Combinatorics is the mathematical study of how we count stuff.  In your Battleship homework, you were faced with the challenge of counting the number of ways you can place a 2x1 ship (the destroyer) on a 10x10 board, as well as a 3x1 ship (the submarine or the cruiser) on a 10x10 board.  Even more challenging, you were tasked with counting the number of ways that you could place both a 2x1 and a 3x1 on a 10x10 board.  Whether you did so explicitly or subconsciously, you likely had to use some basic mathematical tools which come from combinatorics in order to achieve your goal.
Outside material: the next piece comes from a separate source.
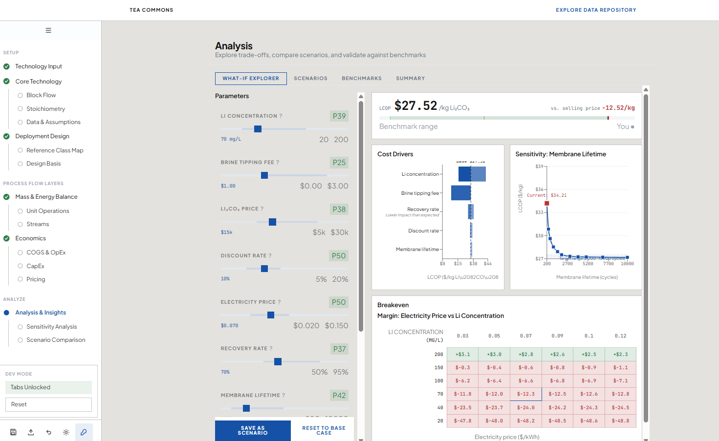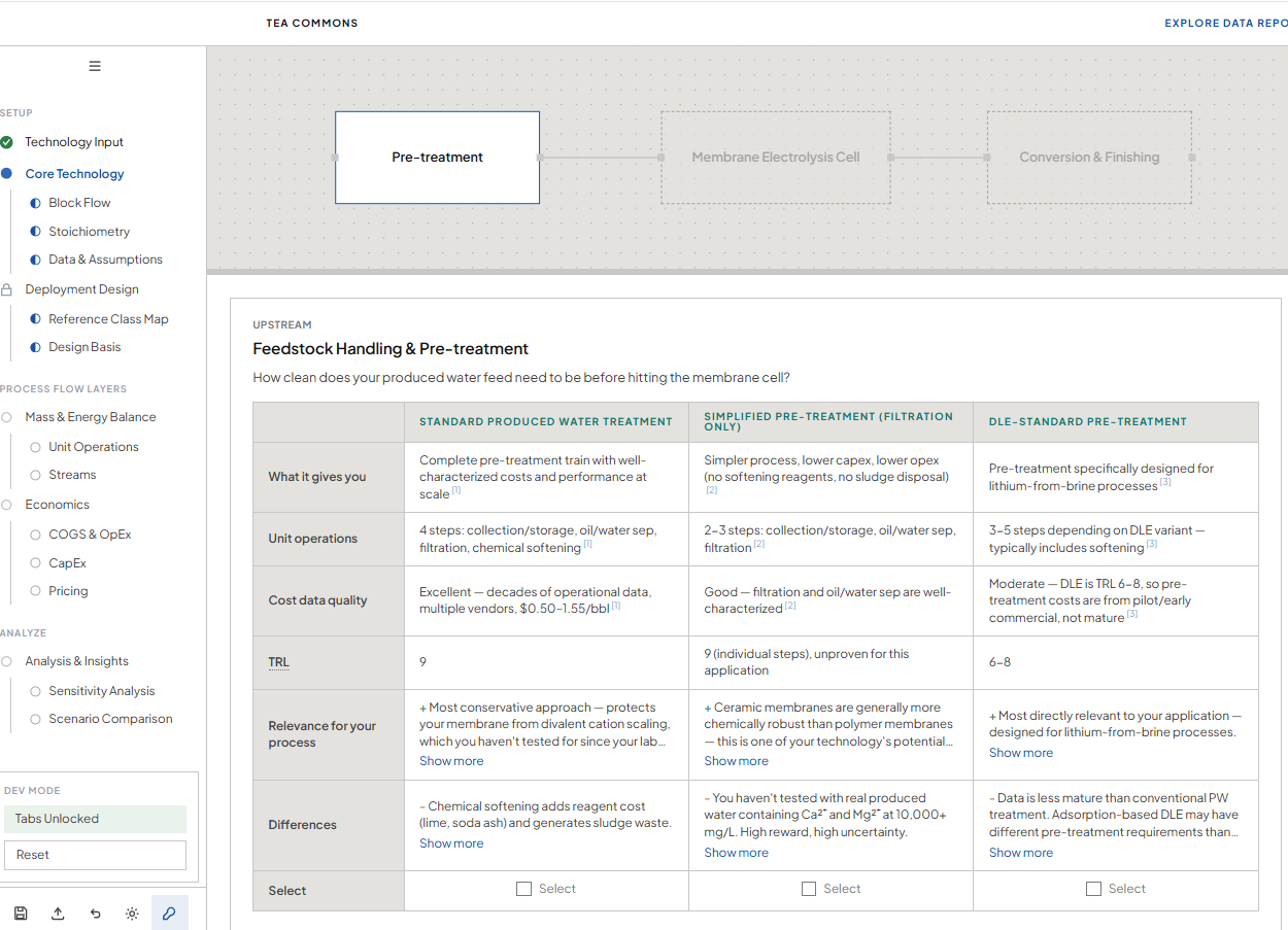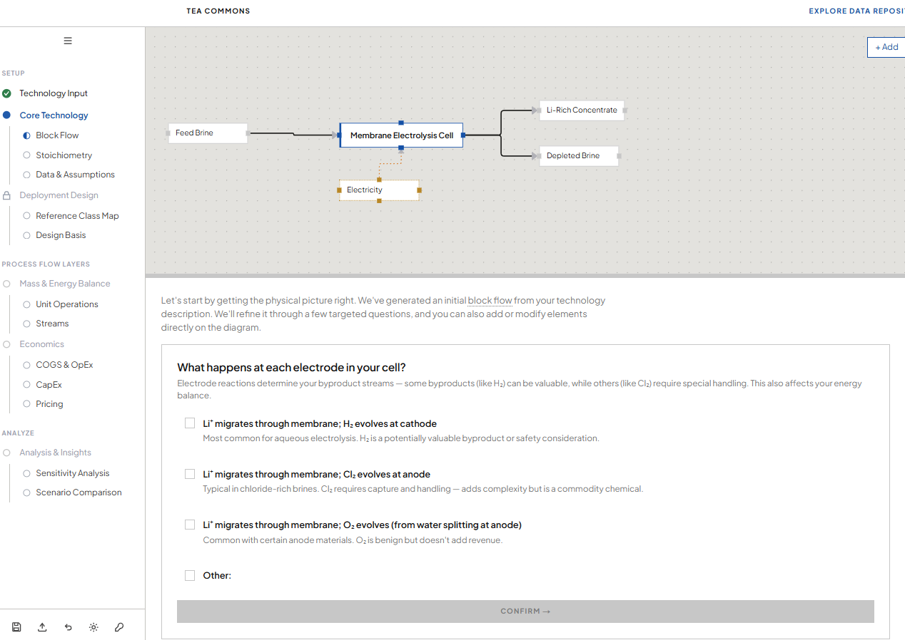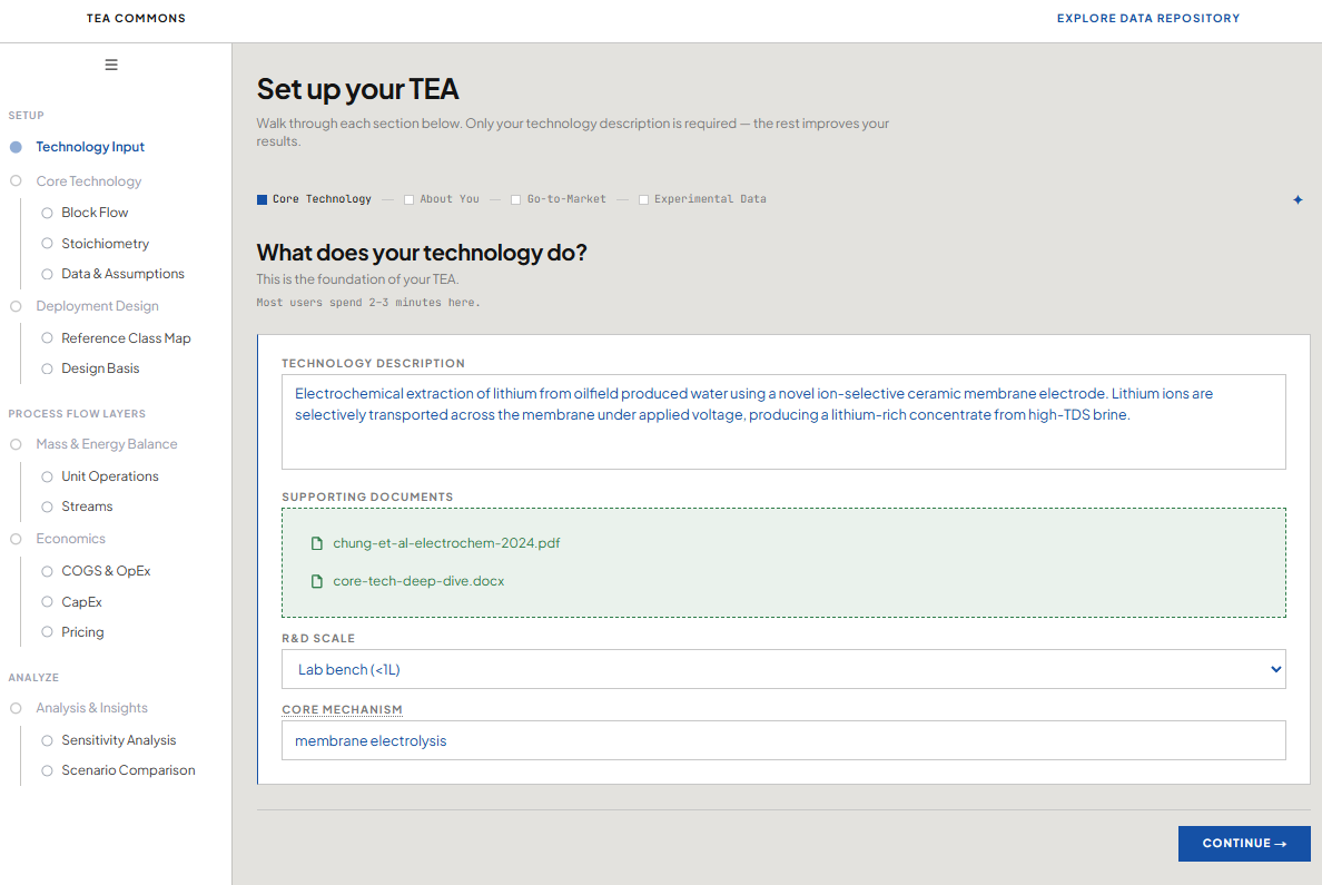 TEA has a reputation problem. It's seen as a complex, high-precision academic exercise requiring specialized software, months of effort, and niche expertise. When a scientist opens a standard TEA template and sees fifteen tabs of hardcoded assumptions and unfamiliar acronyms, many close it and go back to the lab. The people who need it most face the steepest cold-start problem, and the analysis is inherently idiosyncratic — every technology requires its own tailored approach, which makes generic templates feel both overwhelming and insufficient.

You also studied the most likely spots that you would find a 2x1 placed on a 3x3 board.  In order to get the associated probabilities, we had to consider (1) the total number of different possible positions for that 2x1 ship and (2) the frequency that those positions included a certain cell.  Certainly the calculations would become much more complicated on the full-sized 10x10 board with more than one ship!  In the image above, your professor Riley used a computer to randomly place 100000 full battleship fleets and recorded the frequency that each particular space was occupied.  Again we see that randomly placed ships have a tendency to find their way toward the center of the board.  

Using symmetry

One tool in our mathematical toolbox that we use very often is symmetry.  Take for example the problem of placing a single 2x1 ship on a 10x10 board.
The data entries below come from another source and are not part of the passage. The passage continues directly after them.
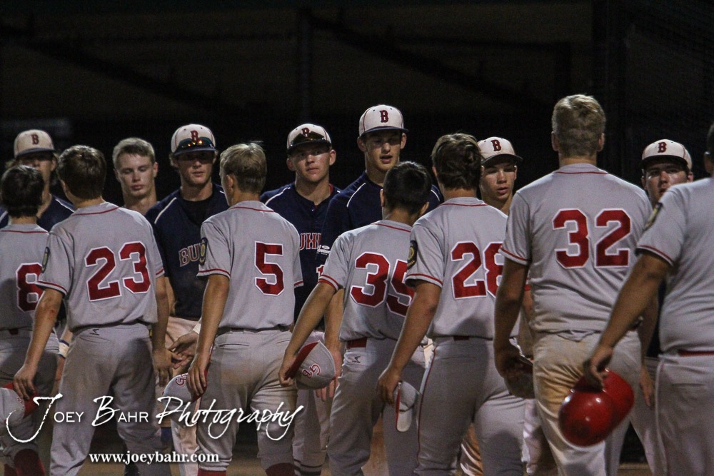Members of the Great Bend Braves and Buhler Nationals shake hands following the game. The Buhler Nationals defeated the Great Bend Braves 7 to 3 in the American Legional Class A Baseball State Tournament Semifinal at the Great Bend Sports Complex in Great Bend, Kansas on July 21, 2016. (Photo: Joey Bahr, www.joeybahr.com)undefined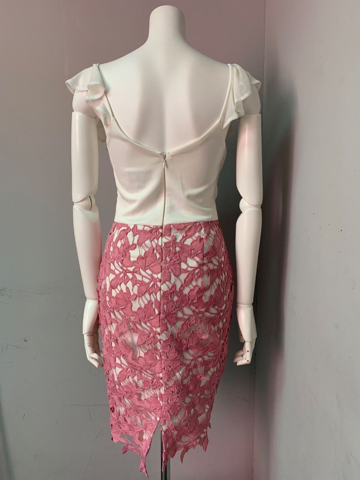 1093 LIPSY LONDON リプシーロンドン キャバクラ ドレス フラワー刺繍 レース シフォン スリット ストレッチ キャバドレス UK6
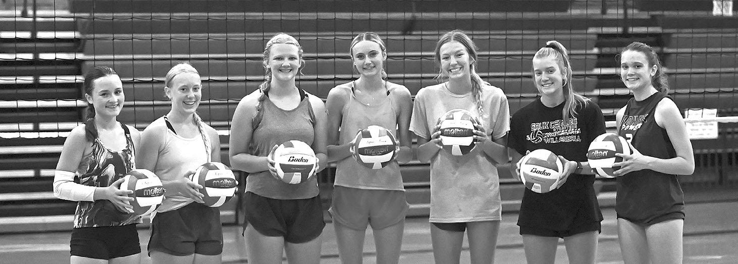 The Sauk Centre Streeters volleyball senior class consists of Raya Sebek (from left), April Klaphake, Nevaeh Hartmann, Isie Kolbo, Brooke Rieland, Emily Peters and Mackenzie Ritter. The Streeters maintain high expectations after a section semifinals loss in 2022 and will rely on chemistry and defense to lead the way.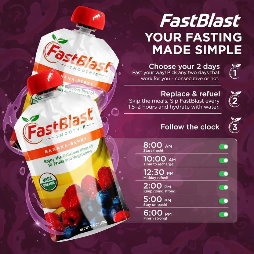 Intermittent fasting centers on when you eat, but maintaining balanced nutrition during eating windows remains essential. FastBlast smoothie pouches are designed to support this approach with a blend of plant-based ingredients, fiber, and protein that can help individuals stay satisfied and energized.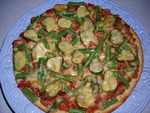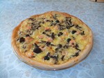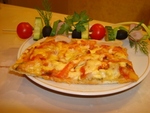 Открытый пирог с тыквой, пеперони и копченым сыром.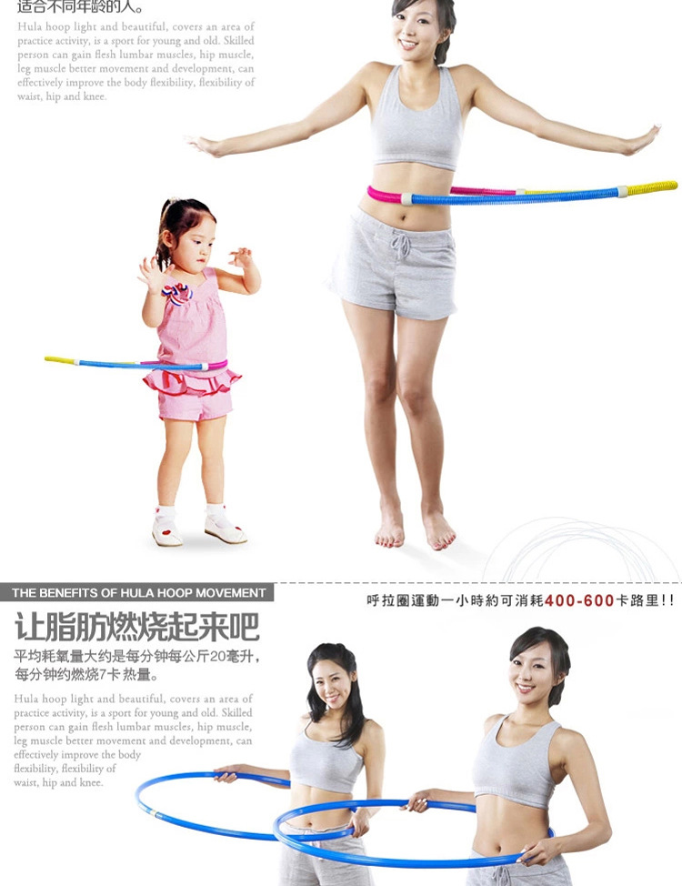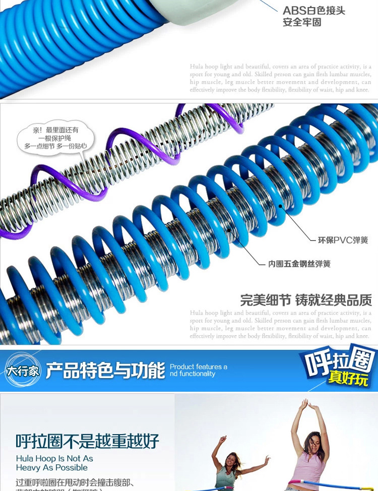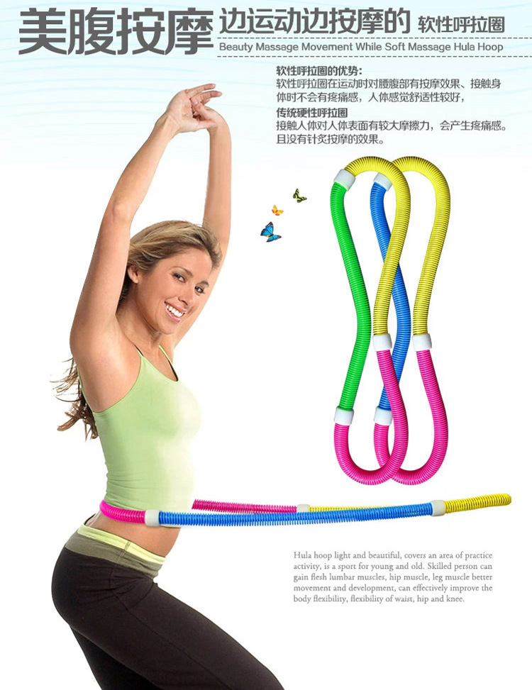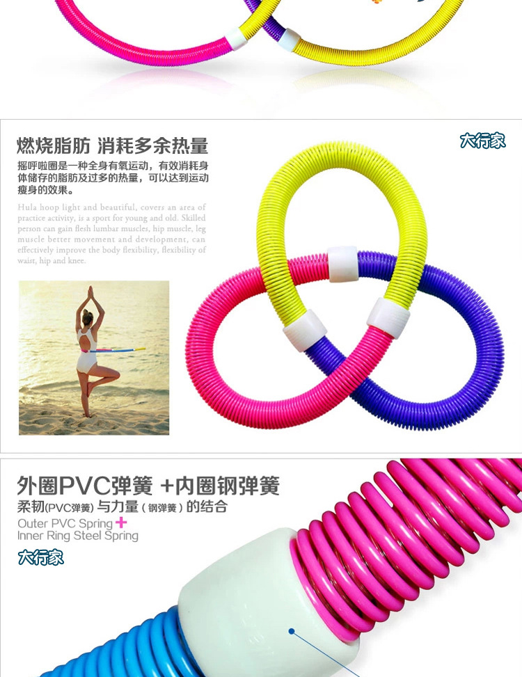 Its outer ring is composed of PVC spring, enhanced the flexibility of the spring, the inner ring is composed of steel spring, enhanced her strength, through the body coordination movement to promote the hula hoop rotation, can squeeze the abdomen,Play a peculiar effect on weight loss.This hula hoop is not only a significant function of weight loss, and is said to have a similar effect of massage, short term can improve back pain and indigestion problems.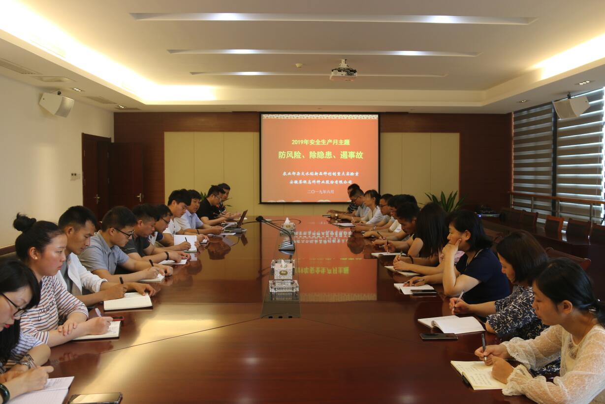 ??? 2019年6月26日上午,荃銀高科副總經(jīng)理張從合帶領(lǐng)公司科研部、分子實(shí)驗(yàn)室、質(zhì)檢部、項(xiàng)目辦和荃銀瓜菜等相關(guān)部門人員開展了以“防風(fēng)險(xiǎn)、除隱患、遏事故”為主題的“安全生產(chǎn)月”活動(dòng)。

  • By symmetry, the number of ways we can place it vertically is the same as the number of ways we can place it horizontally.  Thus we need only count the horizontal placements, and then multiply our answer by 2.
  • By symmetry, the number of horizontal placements will be the same for any row, so we need only count the number of horizontal placements in a single row, and then multiply that answer by the number of rows 10.
  • It's easy to count the number of horizontal placements in a single row: its 9

Putting this all together, we get that the total number of placements is

LaTeX: 9\times10\times2\:=\:180.Do you see how we reduced the problem again and again by symmetry?

The same sort of calculations will work for placing a 3x1 ship.  The only thing which changes will be the number of ways we can place it horizontally in a single row (which is 8) so the total number of placements is

LaTeX: 8\times10\times2=160

Other combinatorial goodies

The toughest problem on the homework was figuring out how to place a 3x1 and a 2x1 together on the board.  To use this, we can leverage some more basic mathematical ideas having to do with counting.
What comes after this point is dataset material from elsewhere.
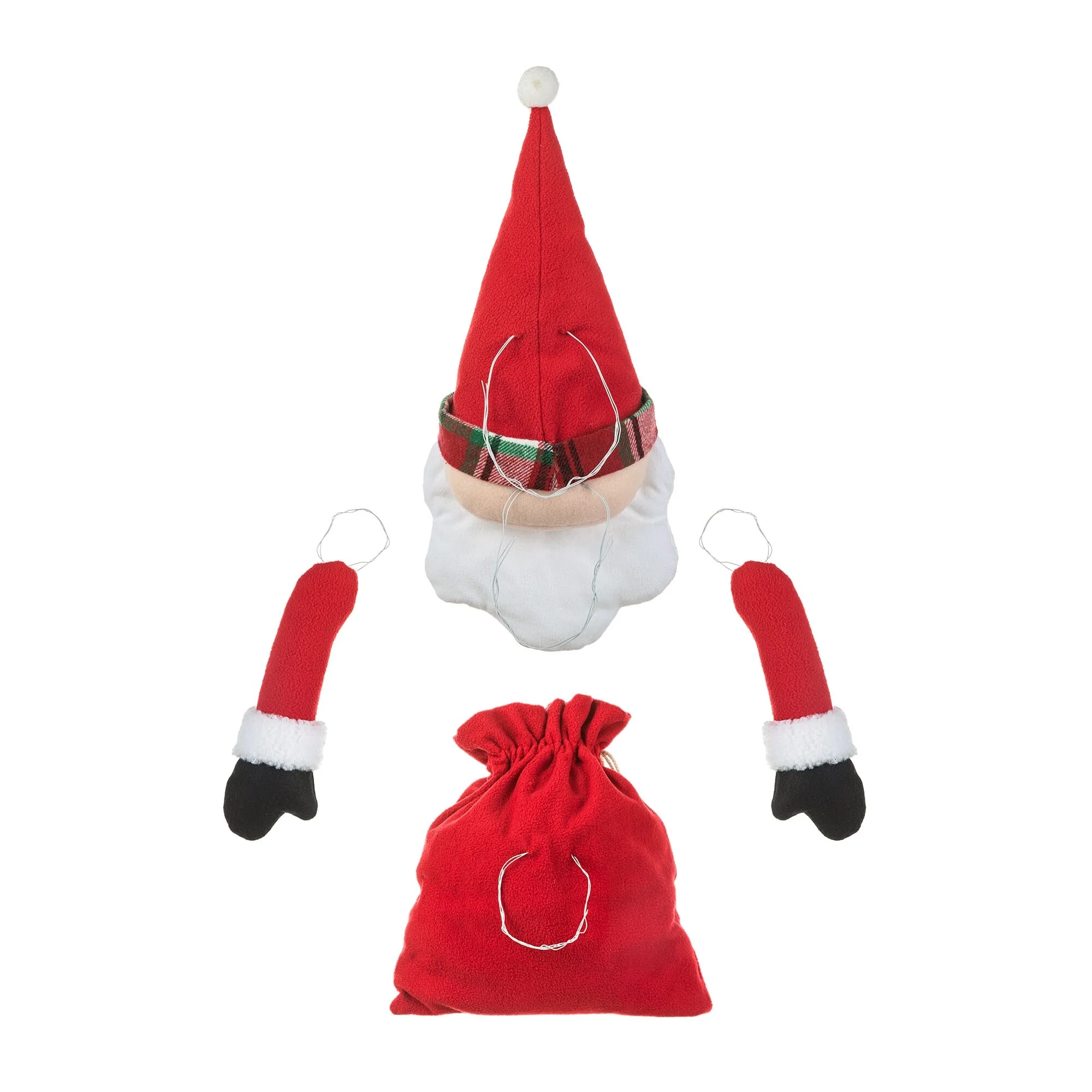 This adorable ornament features a Santa Claus figure with white beard, and a red hat with a white pompom on top. It is made of high-quality fabric and is designed with a flexible wire attached to it. The inclusion of a flexible wire allows for easy attachment to various surfaces, making it perfect for adorning Christmas trees, wreaths, or even garlands. Simply twist or wrap the wire around the branches or hooks, and the ornament will securely hang in place, adding a festive touch to your holiday decorations.

One useful idea is a rule for combinations:

  • If I have a collection of LaTeX: m different cards and a collection of LaTeX: n different marbles, then the number of possible ways of picking a combination consisting of one card and one marble is LaTeX: m\cdot n

Of course, we can apply this to more than cards and marbles!  Instead of cards, we could think of the was that we can place the 3x1 ship and instead of marbles we can think of the number of ways we can place the 2x1 ship.  Then the number of ways that we can choose a combination of placing the 3x1 ship and the 2x1 ship.  Our rule above then suggests this is

LaTeX: 180\times160\:=\:28800\:\:\text{different ways.}

However, this isn't quite right because where we place our 3x1 ship restricts where we can place our 2x1 ship!

So to get our correct answer, we need to subtract all of the placement combinations that we just counted which were illegal because the ships overlapped.  Thus we have reduced the problem to counting the number of ways we can place the 3x1 on the board and the 2x1 on the board in an overlapping way.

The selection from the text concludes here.